By Tom Bradley

A common phrase used in economic and investment circles is ‘soft landing’, which is defined by Investopedia as, “an economy that has avoided a strong contraction.” In other words, after a long rise, not much of a drop.

The term is being used repeatedly right now to describe where the Canadian housing market is heading. For example, an article in confidently predicts that condos are headed for a soft landing. The consensus amongst Canadian bank presidents is similar for the overall housing market. Their view is that when the housing boom comes to an end, prices and volumes will flatten out, or drop modestly.

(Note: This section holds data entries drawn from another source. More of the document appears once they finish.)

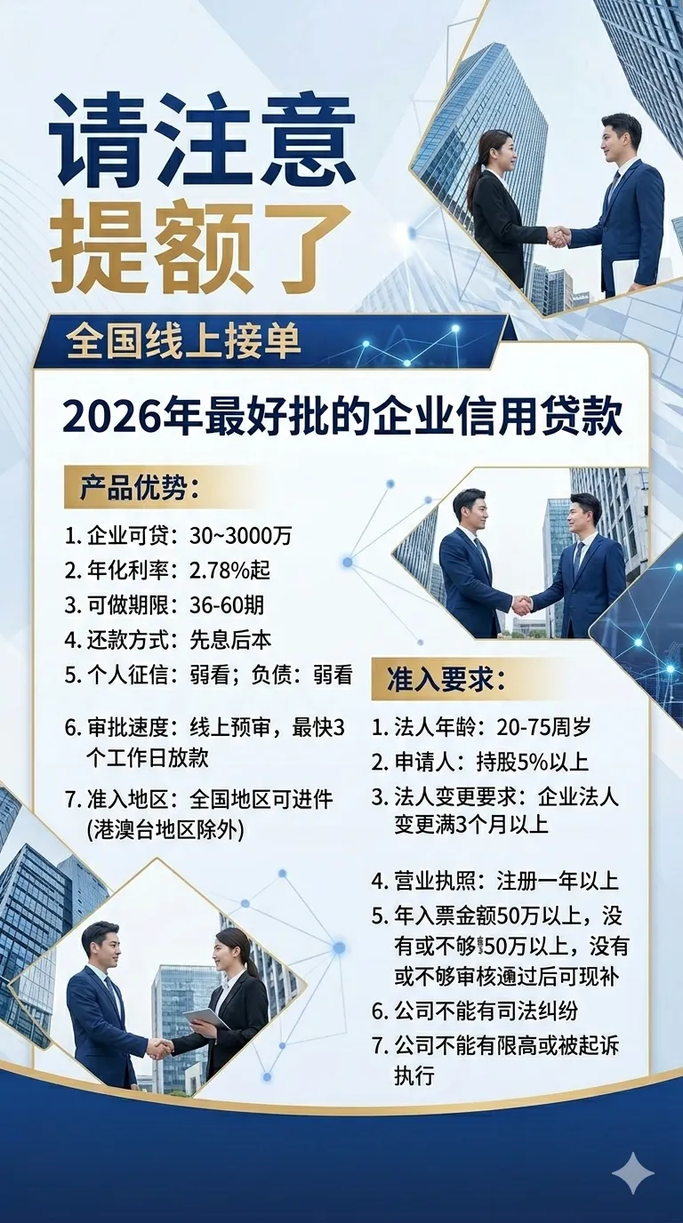 进入2026年,市场环境正发生深刻变化,企业转型升级离不开稳定、低成本的资金支持。针对中小微企业普遍面临的抵押物不足、融资慢等痛点,各地农商银行推出了多款企业信用贷款产品。
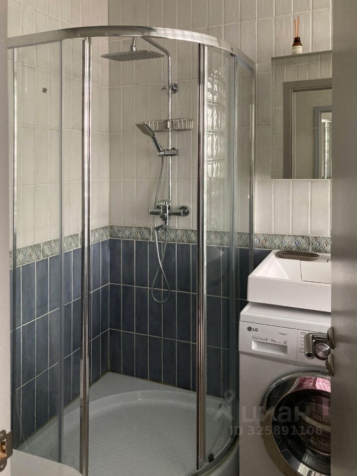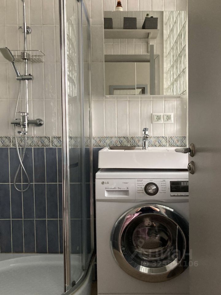 В зоне кухни кран, встроенный мини холодильник с морозилкой, компактная переносная индукционная плитка, вытяжка, чайник. В санузле гигиенический душ, стиральная машина с функцией сушки и полотенцесушитель.
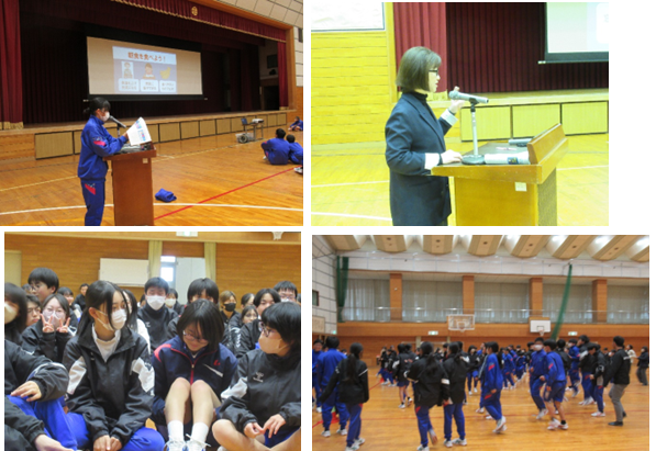 集会のテーマの通り、健康生活や心に関するアンケートに回答する前に、プランクやスクワット、もも上げ、エア縄跳びなどのミニ運動を行い、その後、回答用のコーンへ移動しました。少し体を動かしてから取り組むことで、生徒たちもリフレッシュした気持ちで参加することができました。
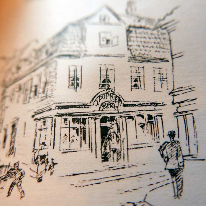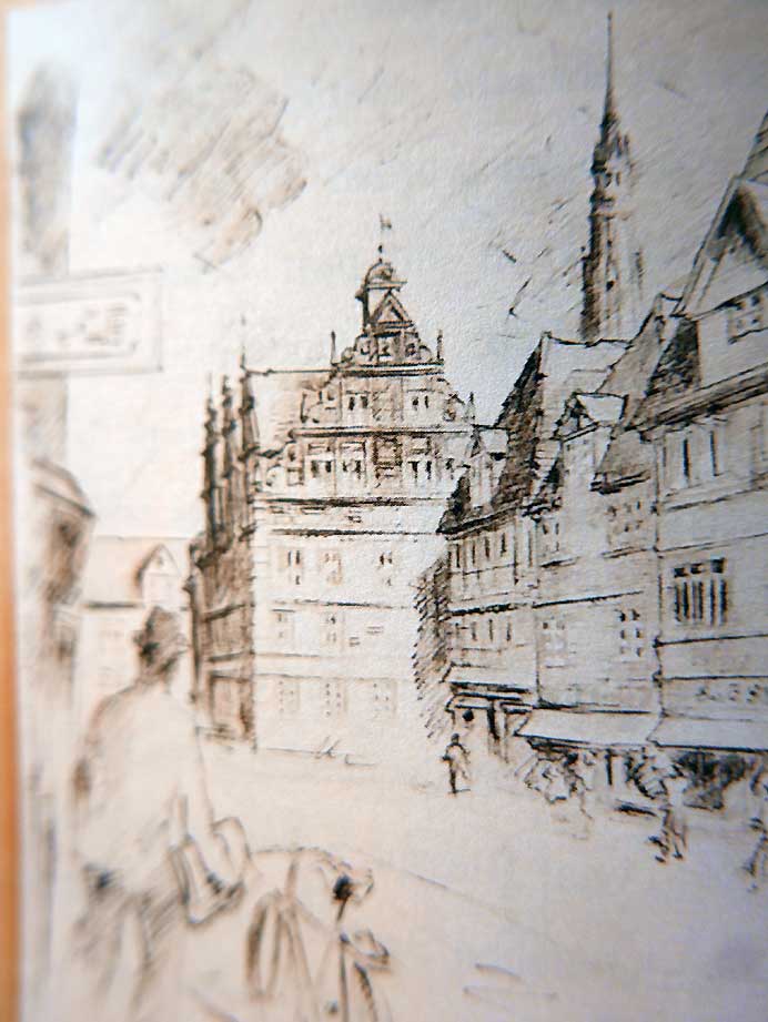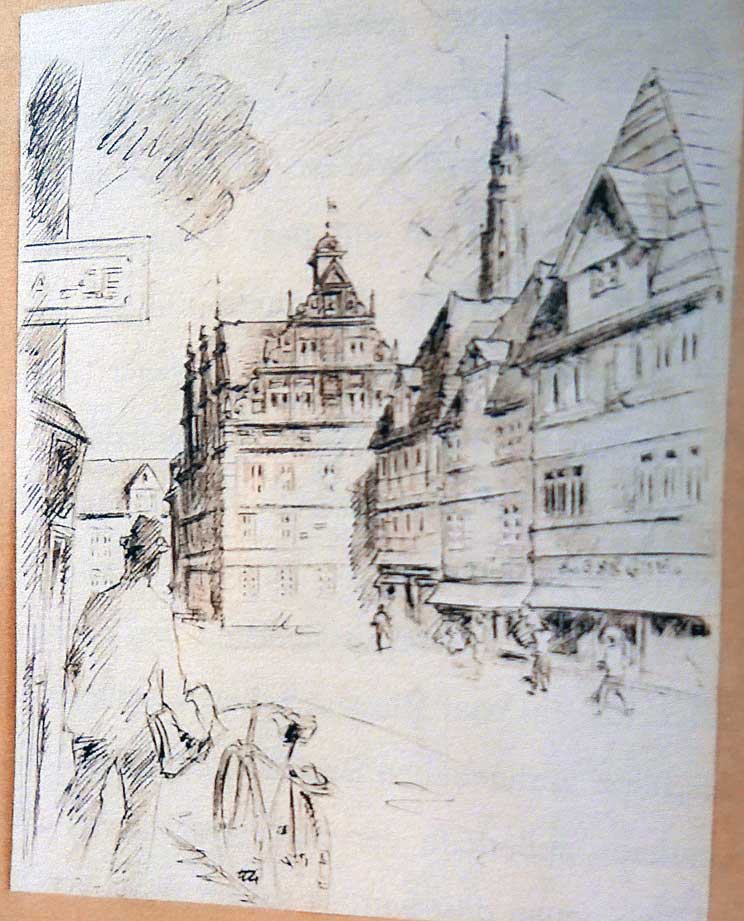 da oben sass der Vater und zeichnete auf den Marktplatz das Rathaus vor und nach 1945
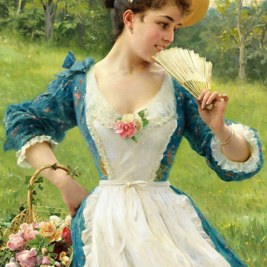 In Young Beauty with a Basket of Roses, Frederico Andreotti (1847–1930) presents a graceful young woman strolling through a sunlit meadow, her figure animated by a light, elegant gesture as she holds a fan and carries a basket of freshly gathered roses. Rendered with delicate brushwork and a luminous palette, the painting celebrates youthful charm, refinement, and the gentle pleasures of an idealized rural idyll, capturing a moment of effortless beauty and quiet, decorative harmony.
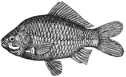 Наружность карася очень хорошо всем известна, и потому нет надобности описывать ее во всех подробностях. Карась легко отличается от всех других наших пресноводных рыб своим более или менее круглым туловищем, сильно сплющенным с боков, хотя он все-таки значительно толще леща. Слово «карась», как известно, употребляется иногда в нарицательном смысле – и толстого, неуклюжего человека как раз назовут этим прозвищем. Своим высоким, сжатым телом и отсутствием усов карась легко отличается от ближайшего своего родственника – карпа, так же как числом и положением глоточных зубов, которых у него по 4 с каждой стороны и в одном ряду.
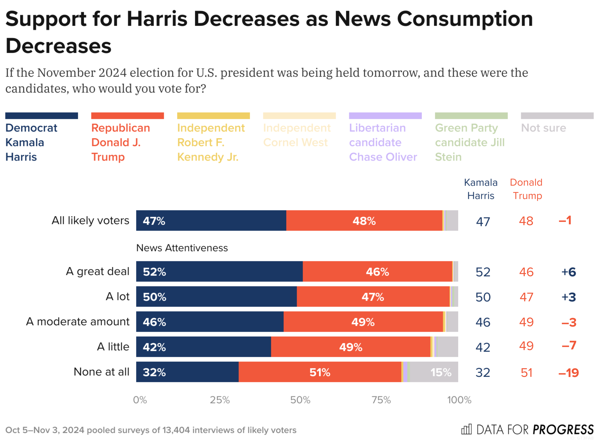 For us, one factor was difficult to ignore: how closely voters paid attention to political news. We asked respondents how much they follow national politics across TV, radio, newspapers, and the internet, with responses from “a great deal” to “none at all.” After we pooled a month’s worth of respondents before the election, here’s who each group favored:
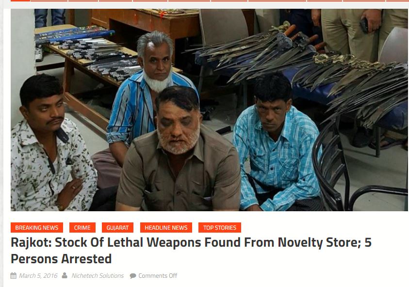 മാർച്ച് 5, 2016 ലെ വാർത്ത പറയുന്നത്,”ഗുജറാത്തിലെ രാജ്കോട്ടിൽ നിന്ന് ഒരു കടയിൽ നിന്ന് പിടികൂടിയ ആയുധ ശേഖരത്തിന്റെ ചിത്രമാണ് അത്.” എന്നാണ്.
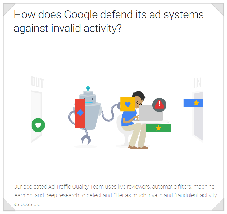 여기서 합리적으로 의심할 만한 것은, 자동화 모리터링과 탐지 부분일 것입니다. 수많은 광고 게시자들의 활동과 트래픽을 리뷰어들의 수작업만으로는 감지가 불가능할 것이기 때문에, 특정 패턴의 트래픽을 감지하고 가벼운 경고나 제재를 먼저 가한 뒤 지속적인 모니터링을 진행할 거라고 추측했습니다.
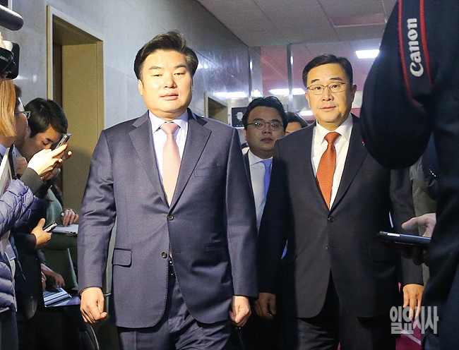 18일, 새누리당 원유철 원내대표(사진 왼쪽)과 김정훈 정책위의장이 정의화 국회의장 주재 '3+3 여야 회동'을 위해 서울 여의도 국회 의장접견실로 이동하고 있다.
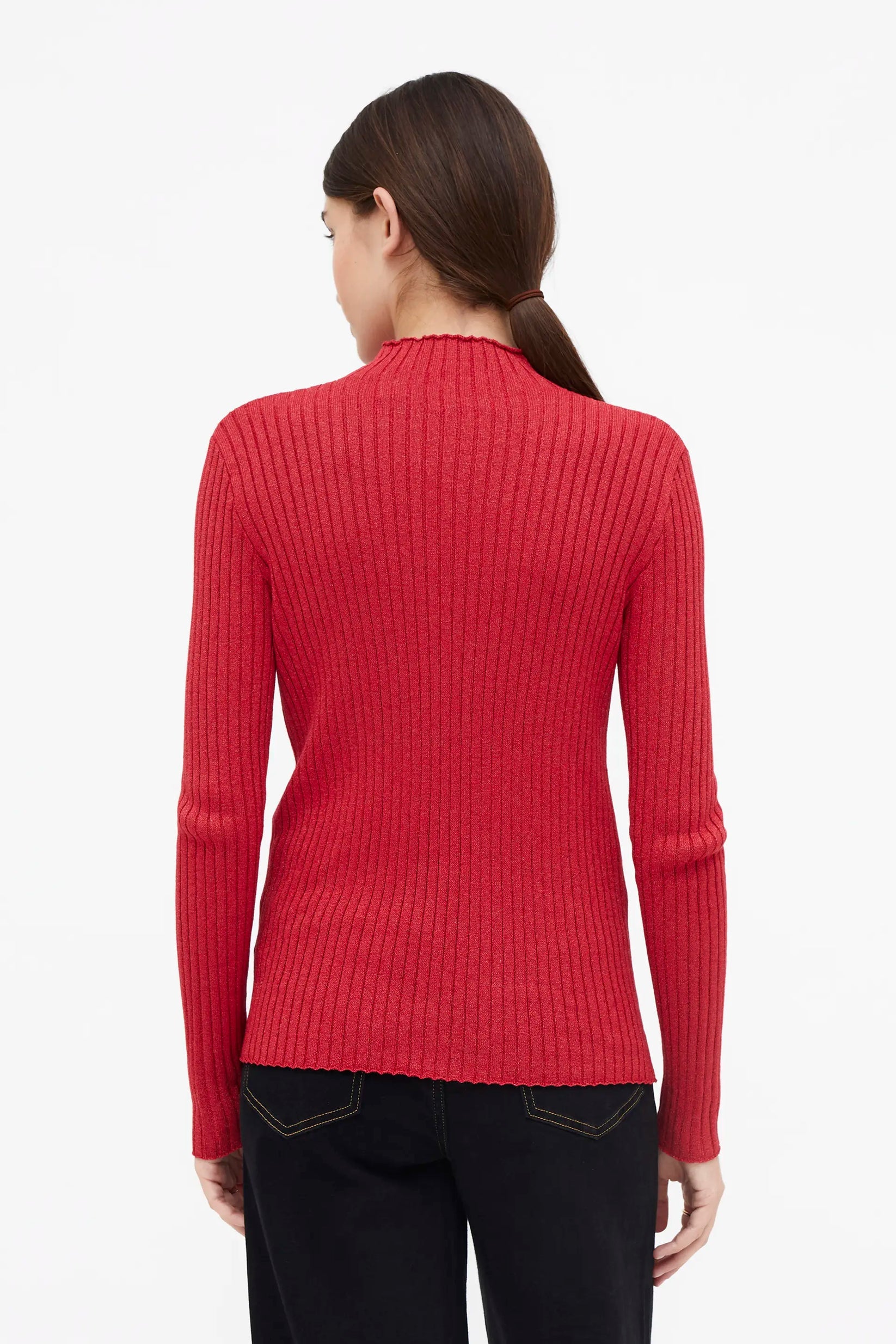 Top in maglia a coste collo perkins rosso. Con collo in perkins, maniche lunghe e dettagli in lurex a coste.
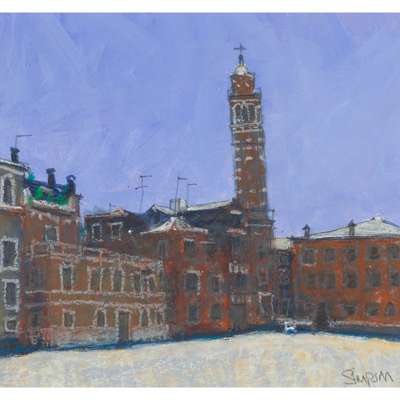 'Leaning Tower Venice', signed lower right, oil on board;
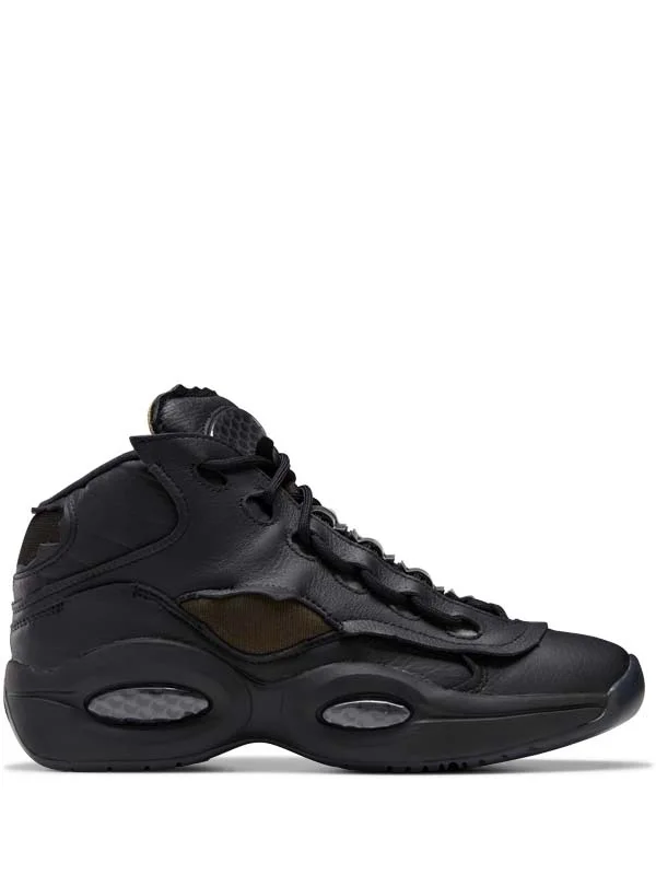 The Question Memory Of in Black from Maison Margiela x Reebok collaboration "Memory Of" Highlights - black colour way - tear/deconstructed design - high top - round toe - front lace-up fastening - branded insole - rubber sole Designer ID: GW5001
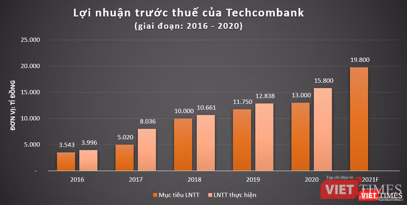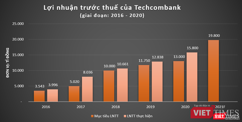 Kết quả kinh doanh của TCB cũng có sự tăng trưởng khá tương đồng với tăng trưởng tín dụng khi nhà băng này báo lãi trước thuế hợp nhất năm 2020 ở mức 15.800 tỉ đồng, vượt 22% so với kế hoạch năm. Dù rằng, trong năm 2020, TCB đã tái cơ cấu và điều chỉnh lịch trả nợ cho hơn 3.200 khách hàng với số dư nợ lên tới 41.000 tỉ đồng theo Thông tư 01 của NHNN.
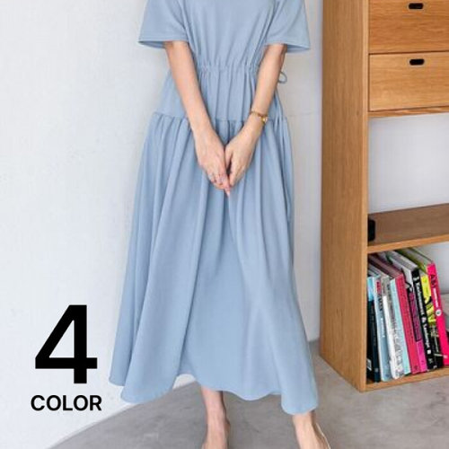 에르디테 / 5부 반팔 허리 끈 주름 롱 원피스 빅사이즈/ 4컬러
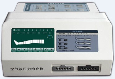 空气肢体压力治疗仪又称空气波压力治疗仪、循环压力治疗仪、梯度压力治疗仪、四肢循环仪或压力抗栓泵等。主要是通过多腔气囊有顺序的反复充放气,形成了对肢体的循环压力,从肢体的远端到近端进行均匀有序的挤压,促进血液和淋巴的流动及改善微循环的作用,加速肢体组织液回流。
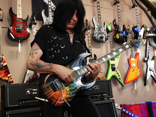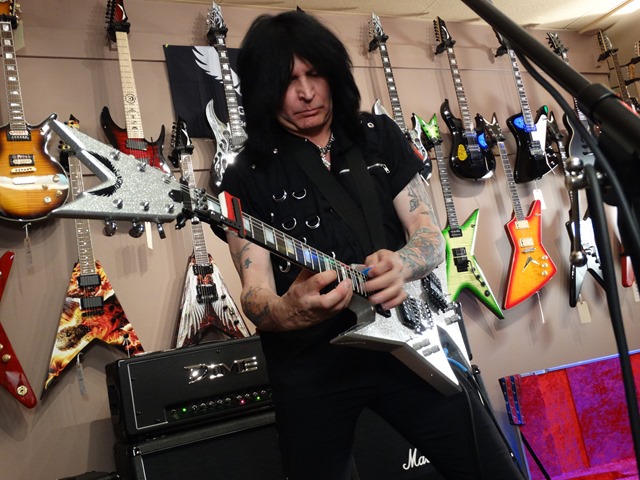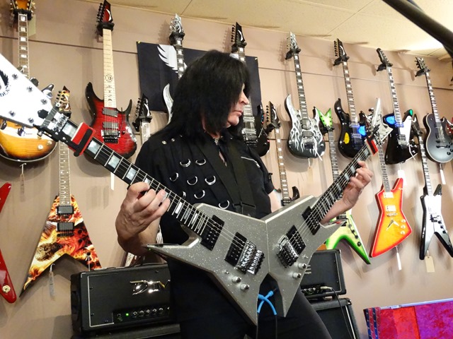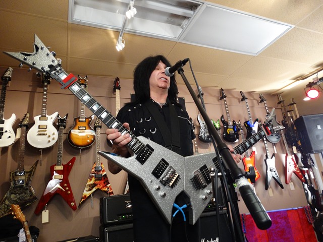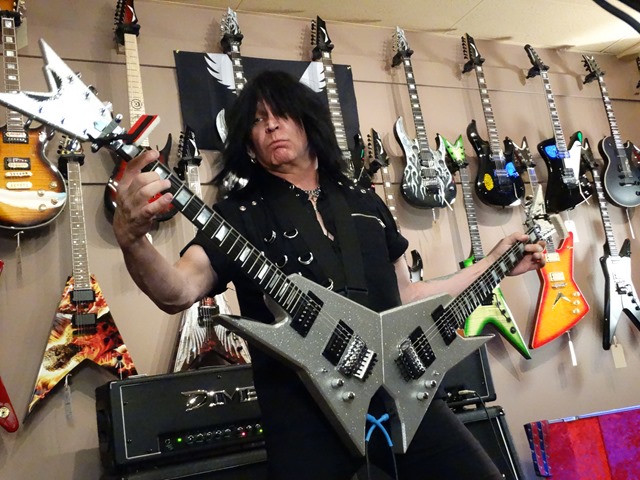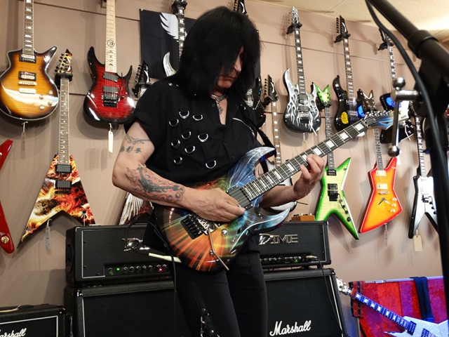 MAB’s total mastery of the guitar was again on full display this evening. He gave his first clinic at GoDPS last year and vowed not to repeat the same songs. He shredded, told stories, answered questions and played some more. He kept grabbing stock guitars off the wall and played them through a DIME head that was given to a lucky kid at the end of the performance. Here’s the Dean flagship MAB 1 (aptly named the Speed of Light Guitar). He started by playing a condensed version “8 Pillars of Steel” from the Intermezzo album (sans the bass solo recorded by Elliott Dean Rubinson – who happens to be CEO of Dean Guitars).
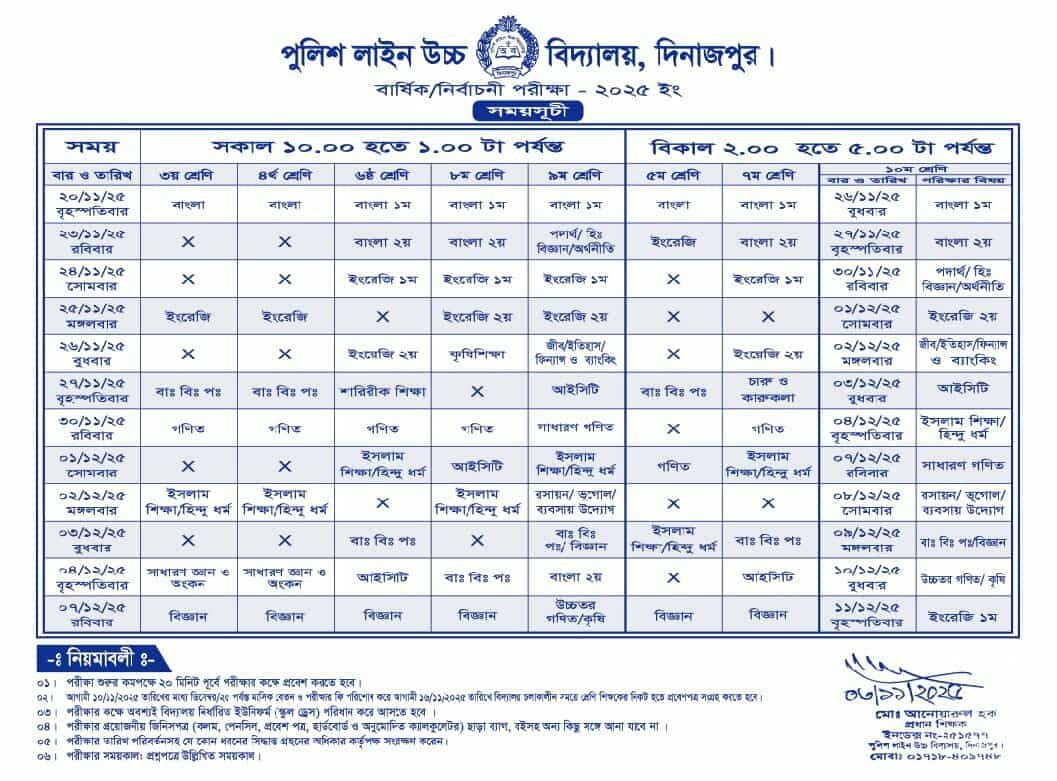 বাষিক/নিবাচনী পরীক্ষার সময়সূচী-২০২৫

Certainly ‘soft landing’ has a nice sound to it. Comforting actually. But I’m not as sanguine because I’ve yet to see an economic or market cycle that (1) is running well above the long-term trend and (2) has been going on for many years, land softly.

Soft landings are rare occurrences for a number of reasons:

  • Greed - Near the end of a cycle, the market psychology is not conducive to good decision-making. People are buying because they don’t want to miss out, not because the economics are compelling or the purchase fits with their long-term investment plan.
  • Weak hands – For greed-related reasons, more assets are held in weak hands at the peak of the cycle. In other words, when a slowdown comes, many buyers aren’t willing or able to deal with adversity.
  • Debt – At the end of the cycle, leverage is at a maximum. Any subsequent deleveraging puts pressure on prices.
  • Fatigue – After a long cycle, it gets to the point where most people have already bought, or at least their adrenaline has stopped pumping.
  • Economic circumstances change – The favourable forces that pushed the market well above the long-term trend don’t go on forever. At some point, some of them will dissipate or reverse.
  • Valuation – As with any asset, valuations will swing like a pendulum. When everything is good, anxious buyers push prices to the expensive side of the arc. When the sellers become the anxious ones, the pendulum swings back.
  • Increased supply – Money goes where the profits are. Success encourages increased investment, which translates into more supply than is needed.

Despite the consensus, I think it’s a bold prediction to say the housing boom will come to an end softly. I say that because complacency around mortgage rates and prices makes the market psychologically vulnerable. Canadians’ borrowing binge is getting downright unhealthy. The first-time buyer segment of the population (25-34 year olds) is flattening out after going through a growth spurt (bad pun). And valuations are stretched, based on a number of measures, including the rental return.

Maybe the biggest reason Canadian housing will experience a rough ride is because the term ‘soft landing’ is being used so often. Pronouncements of soft landings usually means there’s a good chance we’re headed for a hard landing.